The Works of M. P. Shiel
- Dust-jacket from the first edition
- Author: by A. Reynolds Morse
- Cover artist: Salvador Dalí and Jack Gaughan
- Language: English
- Genre: Bibliography of M. P. Shiel
- Publisher: Fantasy Publishing Company, Inc.
- Publication date: 1948
- Publication place: United States
- Media type: Print (Hardback)
- Pages: xvii, 170 pp
- OCLC: 1851953

= The Works of M. P. Shiel =

The Works of M. P. Shiel is a bibliography of works by British author M. P. Shiel. The bibliography was compiled by A. Reynolds Morse.

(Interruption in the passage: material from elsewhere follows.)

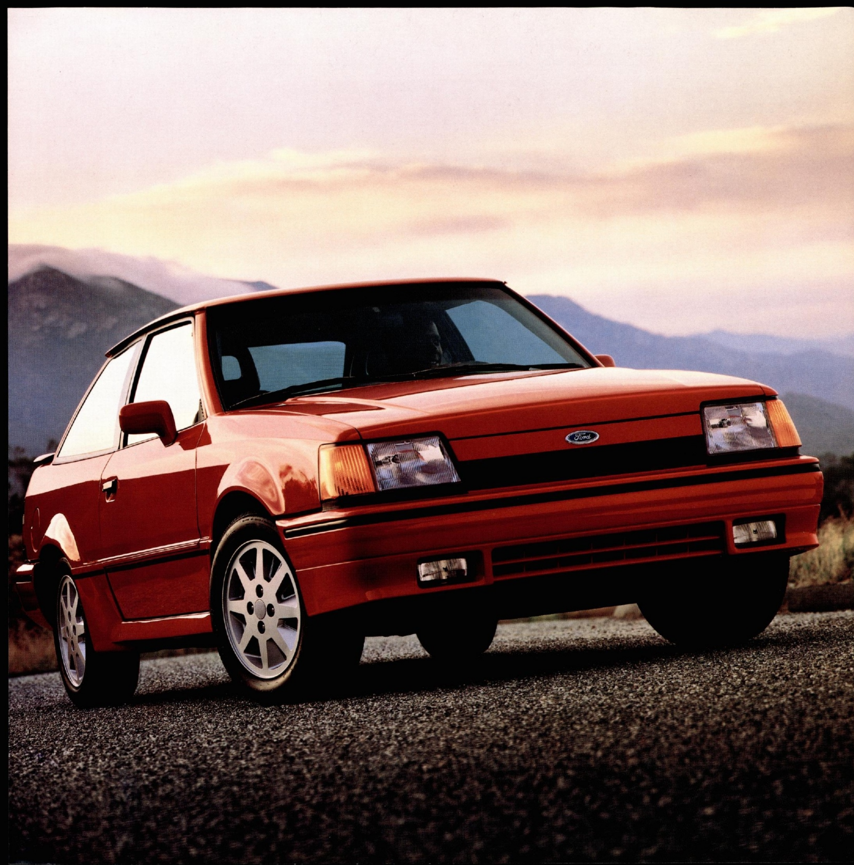
► Escort GT's suspension system includes tight-handling components—a big part of GT driving enjoyment. Shown in Bright Red.

GT's rear seat is the split/fold-down type which gives the hatch area flexibility for both passenger and cargo capability. The hatch can be opened by remote control by means of a button located inside the glove box.

It was first published by Fantasy Publishing Company, Inc. in 1948 in an edition of 1,000 copies.

Morse later revised the book as volumes II & III of a four volume study of Shiel issued by The Reynolds Morse Foundation (now The Salvador Dalí Foundation) 1979-1983. The series included one volume of photo-offsets of the periodical versions of two novels, The Empress of the Earth, The Purple Cloud, and 15 short stories, one volume of bibliography, greatly expanded from the 1948 edition, a volume of mostly biographical material with some bibliographical material, including a section on sometime Shiel collaborator, Louis Tracy, and a final volume of essays about Shiel.